While you can use initializers like the other answers, the conventional Rails 4.1+ way is to use the config/secrets.yml. The reason for the Rails team to introduce this is beyond the scope of this answer but the TL;DR is that secret_token.rb conflates configuration and code as well as being a security risk since the token is checked into source control history and the only system that needs to know the production secret token is the production infrastructure.

You should add this file to .gitignore much like you wouldn't add config/database.yml to source control either.

Referencing Heroku's own code for setting up config/database.yml from DATABASE_URL in their Buildpack for Ruby, I ended up forking their repo and modified it to create config/secrets.yml from SECRETS_KEY_BASE environment variable.

Since this feature was introduced in Rails 4.1, I felt it was appropriate to edit ./lib/language_pack/rails41.rb and add this functionality.

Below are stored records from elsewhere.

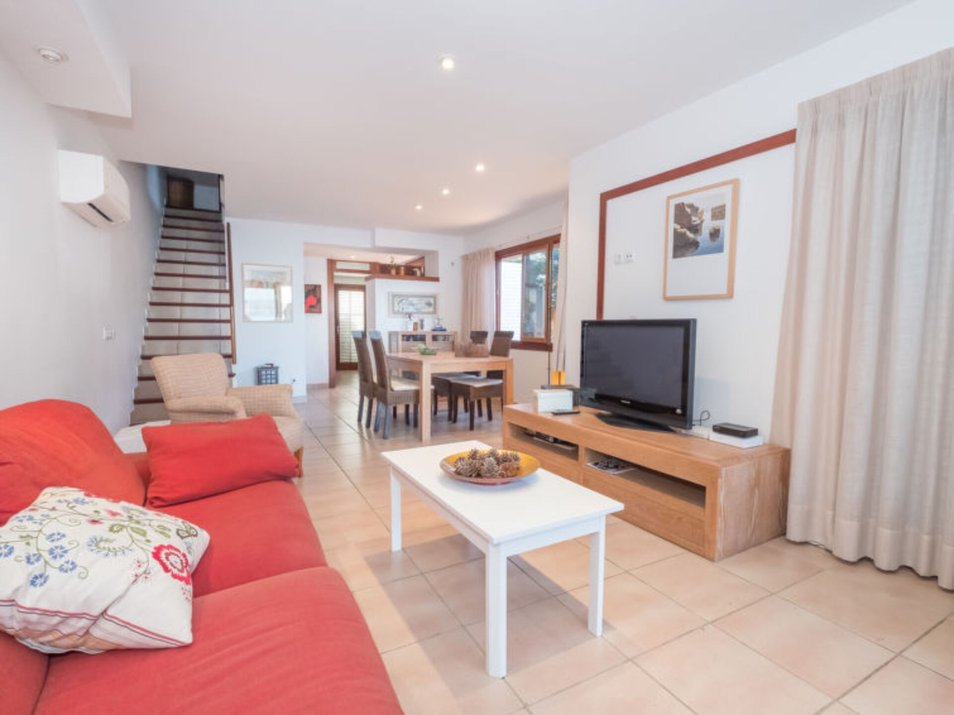 Barcarés 1 km from Alcudia: Very beautiful, cosy semi-detached house “Mallorca Villa 1284”, 2 storeys, semi-detached. In the district of Es Barcarés, in a sunny position residential area (villas), 2 km from the edge of the forest, 5 m from the sea, 100 m from the beach, direct access to the beach. Private: garden (not fenced) with lawn. Outdoor shower, patio, pergola, garden furniture, barbecue. In the house: WiFi, storage room for bicycles, air conditioning, washing machine. Parking at the house on the premises. Shop 1.5 km, grocery 1.5 km, supermarket 300 m, restaurant, bar 50 m, bakery 1.5 km, bicycle rental 1 km, pub garden 50 m, 15 minute walk to the centre, bus stop 1 km, sandy beach “Es Morer Vermell” 300 m, rocky beach 5 m. Sports harbour 200 m, marina 3 km, golf course (18 hole) 5.3 km, tennis 3 km, riding stable 3.5 km. Please note: suitable for families, suitable for seniors. Object suitable for 8 adults groups of teenagers on request only. Loading and unloading of baggage is possible at the holiday house. Airfield 62 km from the property.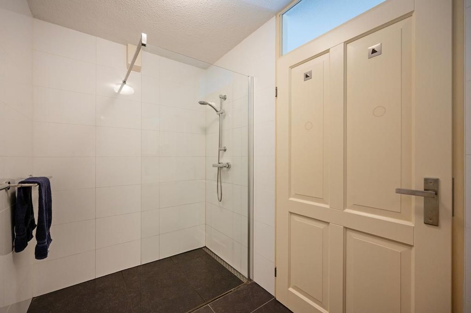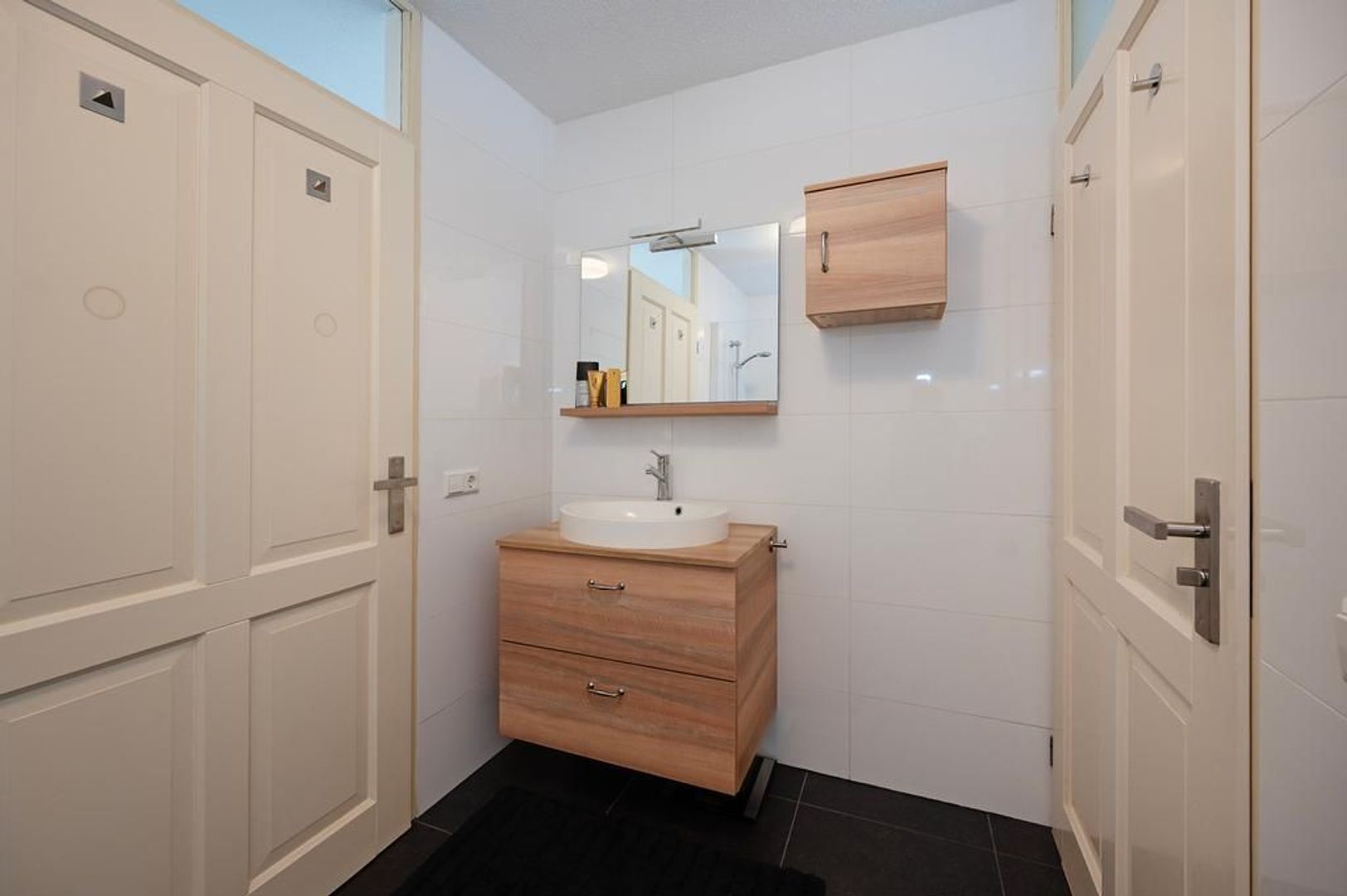 De badkamer is in dezelfde stijl betegeld als de toiletruimte, te weten donkergrijze vloertegels en witte wandtegels. De badkamer is voorzien van een royale inloopdouche plus wastafelmeubel met spiegelkast.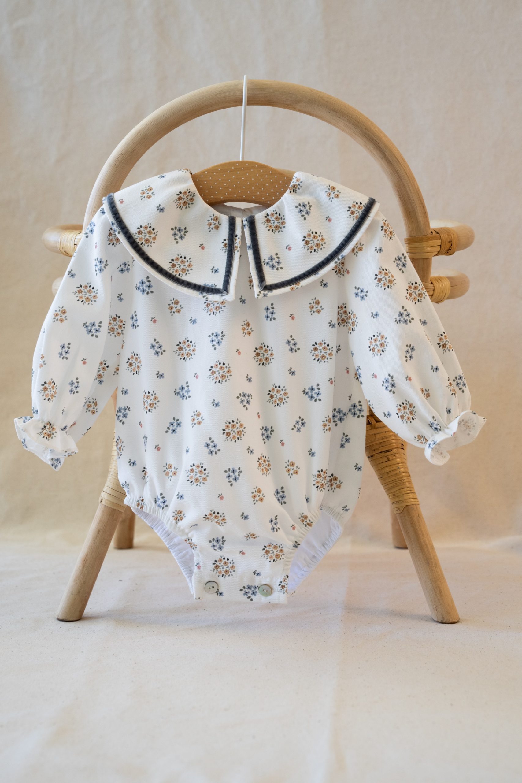 Tanto el puño como el muslo llevan goma blanda para no dañar la piel del bebé y lleva botones de nácar en la entrepierna para facilitar el cambio de pañal.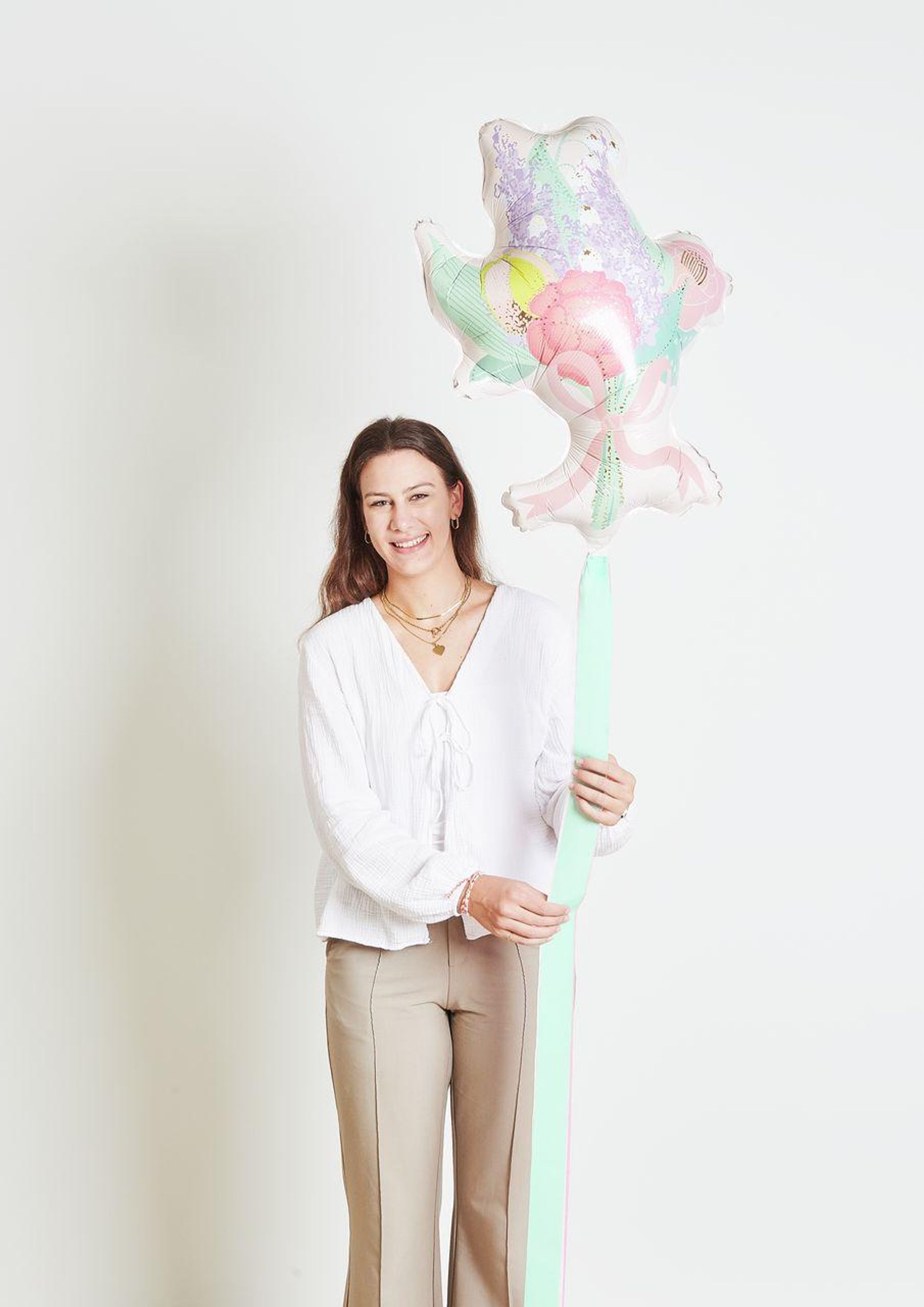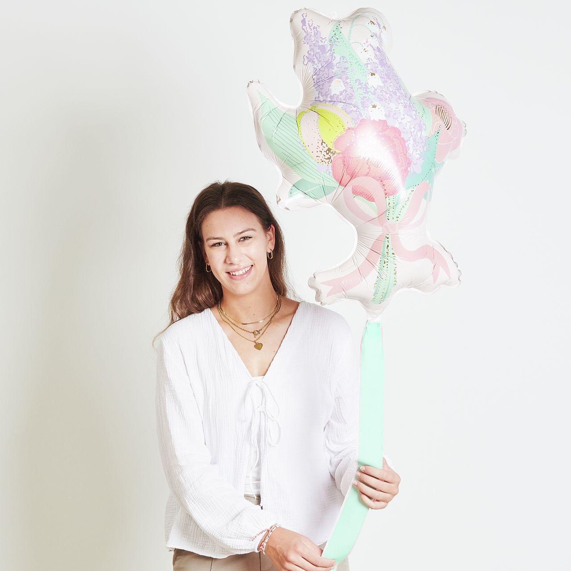 Der Folienballon "Blumenstrauß" ist für die Füllung mit Luft oder Helium geeignet. Er lässt sich mehrfach verwenden und ist damit eine nachhaltige Dekorationsmöglichkeit. Mit den Maßen 50 × 67 × 26 cm eignet sich der Ballon ideal für besondere Anlässe.

The following is the snippet from the modified buildpack I created at my company:

class LanguagePack::Rails41 < LanguagePack::Rails4

  # ...

  def compile
    instrument "rails41.compile" do
      super
      allow_git do
        create_secrets_yml
      end
    end
  end

  # ...

  # writes ERB based secrets.yml for Rails 4.1+
  def create_secrets_yml
    instrument 'ruby.create_secrets_yml' do
      log("create_secrets_yml") do
        return unless File.directory?("config")
        topic("Writing config/secrets.yml to read from SECRET_KEY_BASE")
        File.open("config/secrets.yml", "w") do |file|
          file.puts <<-SECRETS_YML
<%
raise "No RACK_ENV or RAILS_ENV found" unless ENV["RAILS_ENV"] || ENV["RACK_ENV"]
%>

<%= ENV["RAILS_ENV"] || ENV["RACK_ENV"] %>:
  secret_key_base: <%= ENV["SECRET_KEY_BASE"] %>
          SECRETS_YML
        end
      end
    end
  end

  # ...

end

You can of course extend this code to add other secrets (e.g. third party API keys, etc.) to be read off of your environment variable:

...
<%= ENV["RAILS_ENV"] || ENV["RACK_ENV"] %>:
  secret_key_base: <%= ENV["SECRET_KEY_BASE"] %>
  third_party_api_key: <%= ENV["THIRD_PARTY_API"] %>

This way, you can access this secret in a very standard way:

Rails.application.secrets.third_party_api_key

Before redeploying your app, be sure to set your environment variable first: Setting SECRET_KEY_BASE in Heroku Dashboard

Then add your modified buildpack (or you're more than welcome to link to mine) to your Heroku app (see Heroku's documentation) and redeploy your app.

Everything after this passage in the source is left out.